DIRECTIONS: In the records below, find the line with "Bellevue Park II" and the line with "Figure 2: P."; return exactly those lines and every line between them.

RECORDS SUPPLIED:
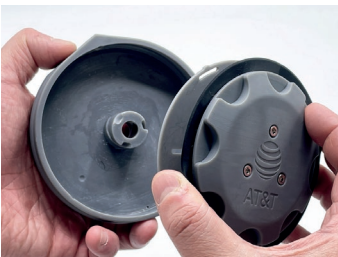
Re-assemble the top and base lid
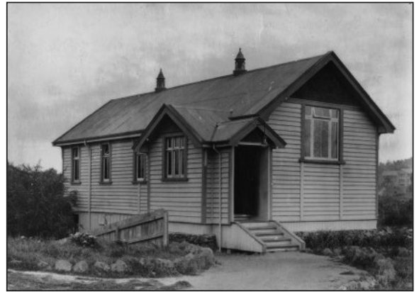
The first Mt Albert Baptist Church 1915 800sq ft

--

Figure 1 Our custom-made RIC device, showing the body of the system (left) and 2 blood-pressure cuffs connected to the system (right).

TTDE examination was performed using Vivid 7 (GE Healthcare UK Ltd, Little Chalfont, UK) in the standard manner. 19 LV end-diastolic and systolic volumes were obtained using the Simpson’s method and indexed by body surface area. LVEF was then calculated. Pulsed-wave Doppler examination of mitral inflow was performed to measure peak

==

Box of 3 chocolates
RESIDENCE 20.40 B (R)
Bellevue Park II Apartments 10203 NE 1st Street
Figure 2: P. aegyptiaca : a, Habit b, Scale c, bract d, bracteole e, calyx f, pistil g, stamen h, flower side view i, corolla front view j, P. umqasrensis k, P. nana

YOUR RESPONSE:
Bellevue Park II Apartments 10203 NE 1st Street
Figure 2: P. aegyptiaca : a, Habit b, Scale c, bract d, bracteole e, calyx f, pistil g, stamen h, flower side view i, corolla front view j, P. umqasrensis k, P. nana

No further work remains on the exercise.